For demo purposes, we'll simulate the TVD-MI scores.

In [None]:
# Initialize TVD-MI scorer
scorer = TVDMIScorer(model_name='all-mpnet-base-v2')

# For demo: Simulate dense evaluation results
# In production, this would run actual chain.execute() calls

def simulate_dense_evaluation(chain, attacks):
    """Simulate dense evaluation for demonstration."""
    np.random.seed(42)
    num_attacks = len(attacks)
    num_agents = len(chain.agents)
    
    # Simulate TVD-MI matrix with realistic patterns
    matrix = np.random.beta(2, 5, (num_attacks, num_agents))
    
    # Add some structure based on topology
    if chain.topology == 'linear':
        # Increasing vulnerability along the chain
        for i in range(num_agents):
            matrix[:, i] *= (1 + i * 0.2)
    elif chain.topology == 'star':
        # Coordinator more vulnerable
        matrix[:, 0] *= 1.5
    elif chain.topology == 'hierarchical':
        # Senior reviewer most vulnerable
        if num_agents >= 3:
            matrix[:, 2] *= 1.3
    
    # Normalize to [0, 1]
    matrix = np.clip(matrix, 0, 1)
    
    return {
        'matrix': matrix,
        'attacks': [attack[0] for attack in attacks],
        'agents': chain.agent_roles,
        'chain_topology': chain.topology,
        'results': {(i, j): matrix[i, j] for i in range(num_attacks) for j in range(num_agents)},
        'critical_paths': [(0, 1), (1, 2)] if chain.topology == 'linear' else []
    }

# Run simulated dense evaluation for linear chain
dense_results_linear = simulate_dense_evaluation(linear_chain, all_attacks[:6])  # Use subset for speed
print(f"Dense evaluation complete for linear chain")
print(f"Matrix shape: {dense_results_linear['matrix'].shape}")
print(f"Mean TVD-MI: {np.mean(dense_results_linear['matrix']):.3f}")
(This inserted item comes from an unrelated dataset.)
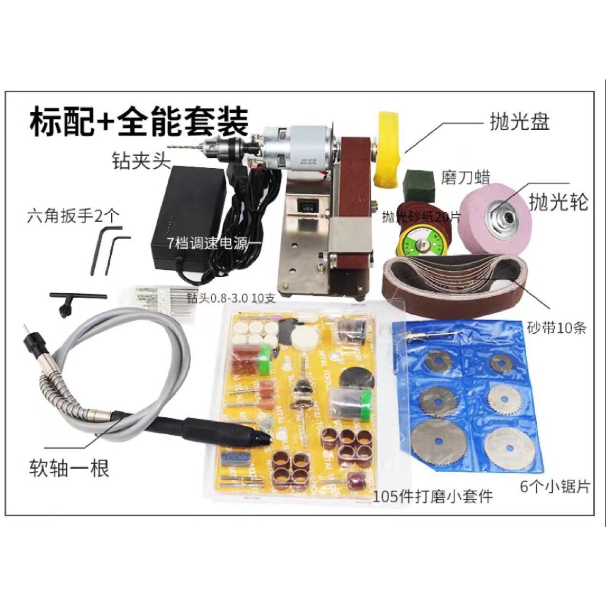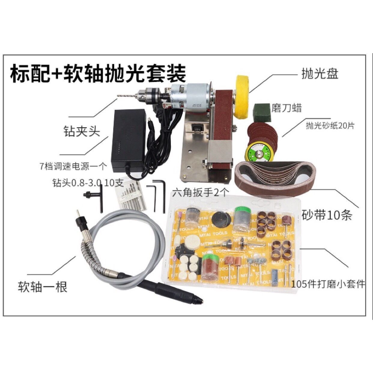 • 15도 고정 각도 [표준 구성 + 드릴 척 + 연마 휠]
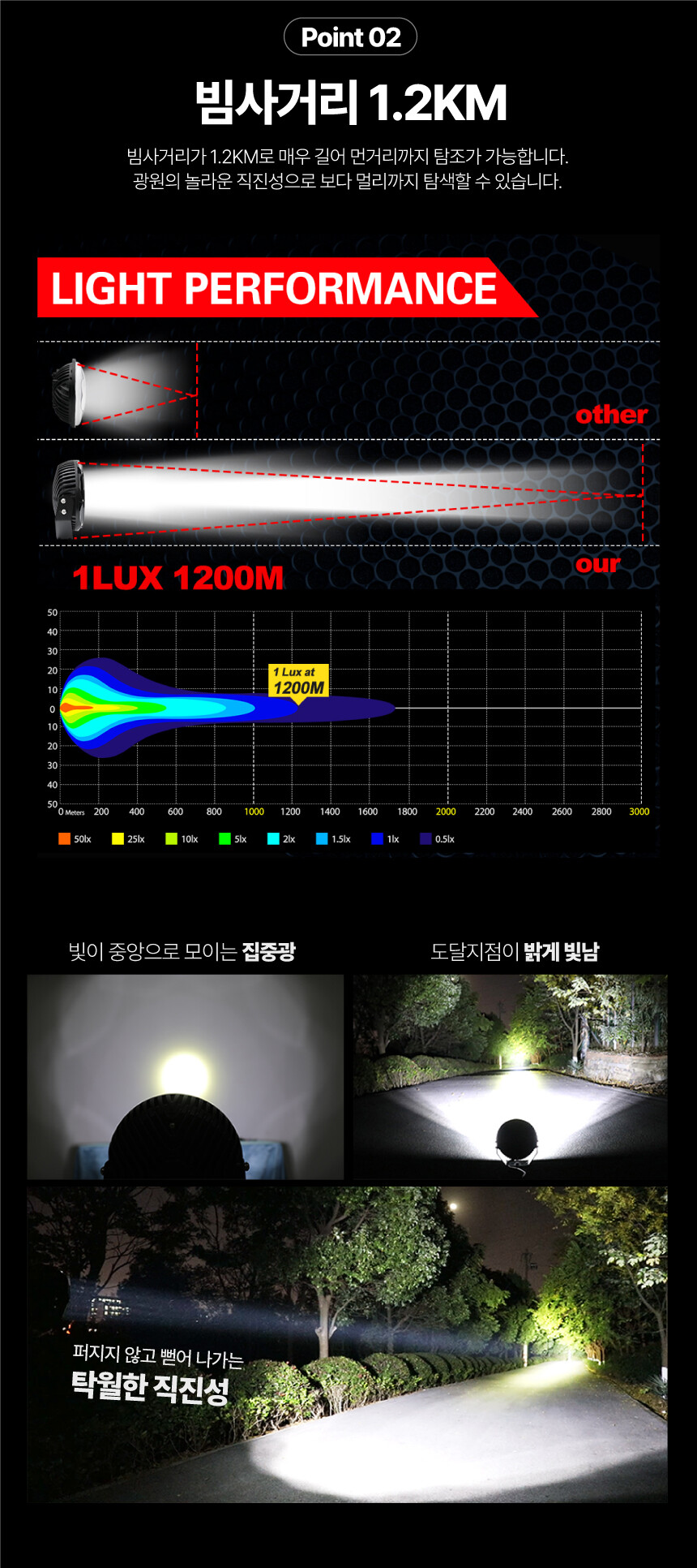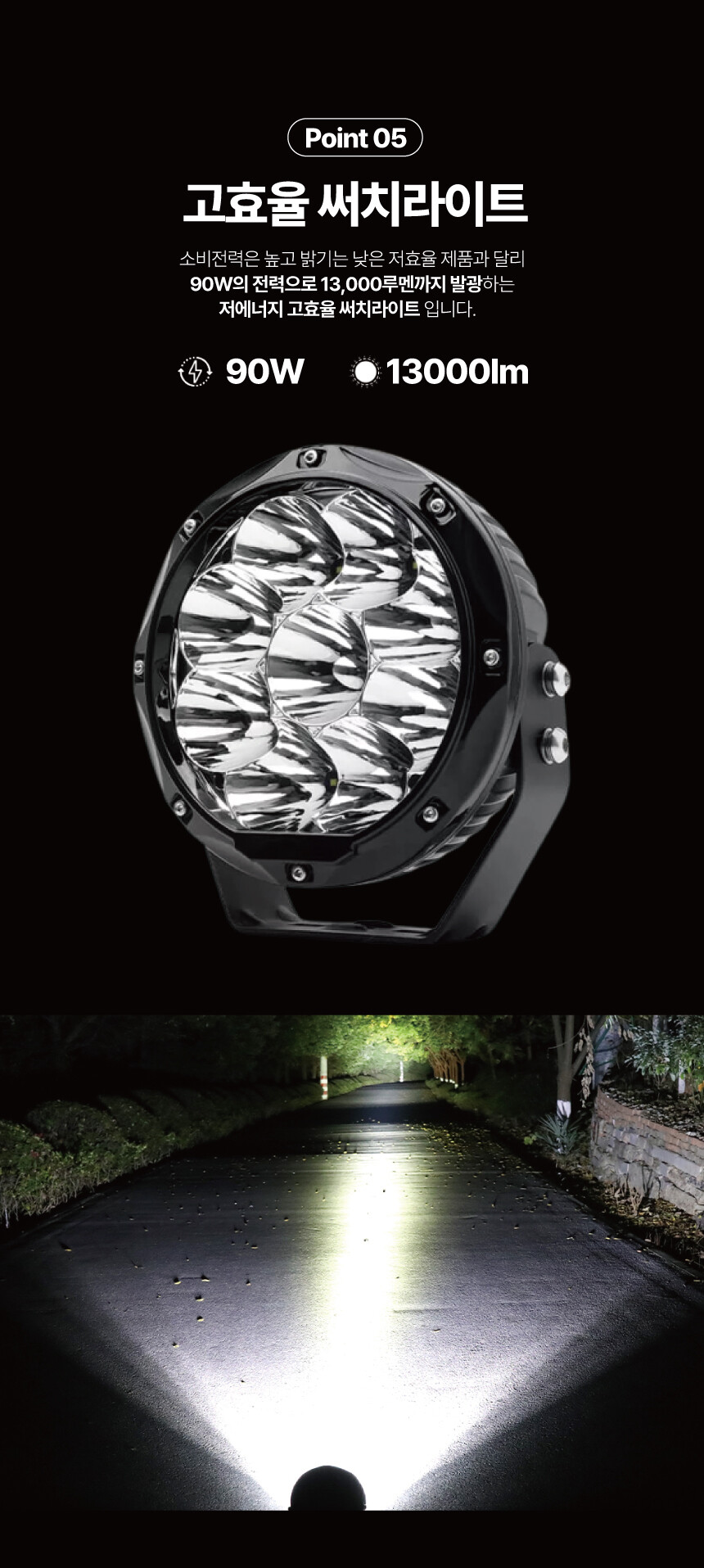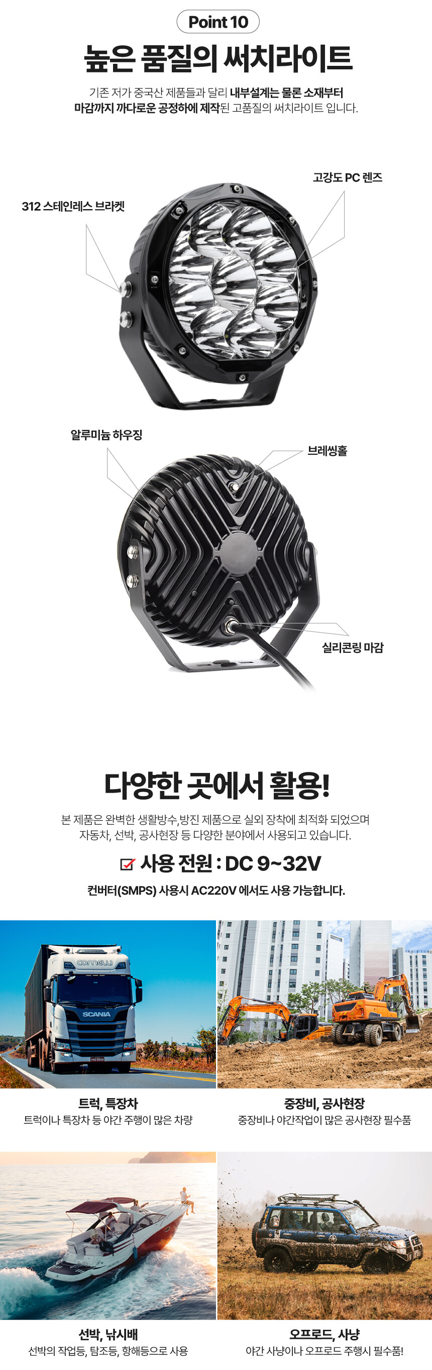 등 다양한 곳에서 밝은 빛을 비춰주는 DC 써치라이트입니다.

## 4. Attack Propagation Analysis

In [None]:
# Analyze attack propagation
propagation = PropagationAnalyzer(
    dense_results_linear['matrix'],
    chain_topology='linear'
)

# Compute propagation metrics
analysis = propagation.analyze_chain_weaknesses()

print("Propagation Analysis Summary:")
print(f"  Mean propagation depth: {analysis['summary']['mean_propagation_depth']:.2f}")
print(f"  Max propagation depth: {analysis['summary']['max_propagation_depth']}")
print(f"  Mean amplification: {analysis['summary']['mean_amplification']:.3f}")
print(f"  Critical edges found: {analysis['summary']['num_critical_edges']}")
print(f"  Most vulnerable position: Agent {analysis['summary']['most_vulnerable_position']}")

# Save analysis
os.makedirs('../experiments/dense_analysis', exist_ok=True)
propagation.save_analysis('../experiments/dense_analysis/linear_propagation.json')

## 5. Pattern Discovery

In [None]:
# Discover patterns for informed sampling
pattern_analyzer = PatternDiscovery(dense_results_linear)

# Get high-value tests
high_value_tests = pattern_analyzer.identify_high_value_tests(top_percent=0.3)
print(f"Identified {len(high_value_tests)} high-value test positions")

# Get sampling recommendations
recommendations = pattern_analyzer.generate_sampling_recommendations()
print(f"\nSampling Recommendations:")
print(f"  Strategy: {recommendations['sampling_strategy']['type']}")
print(f"  Description: {recommendations['sampling_strategy']['description']}")
print(f"  Critical positions: {recommendations['critical_positions']}")
print(f"  Coverage needed: {recommendations['high_priority_tests']['coverage_percent']:.1f}%")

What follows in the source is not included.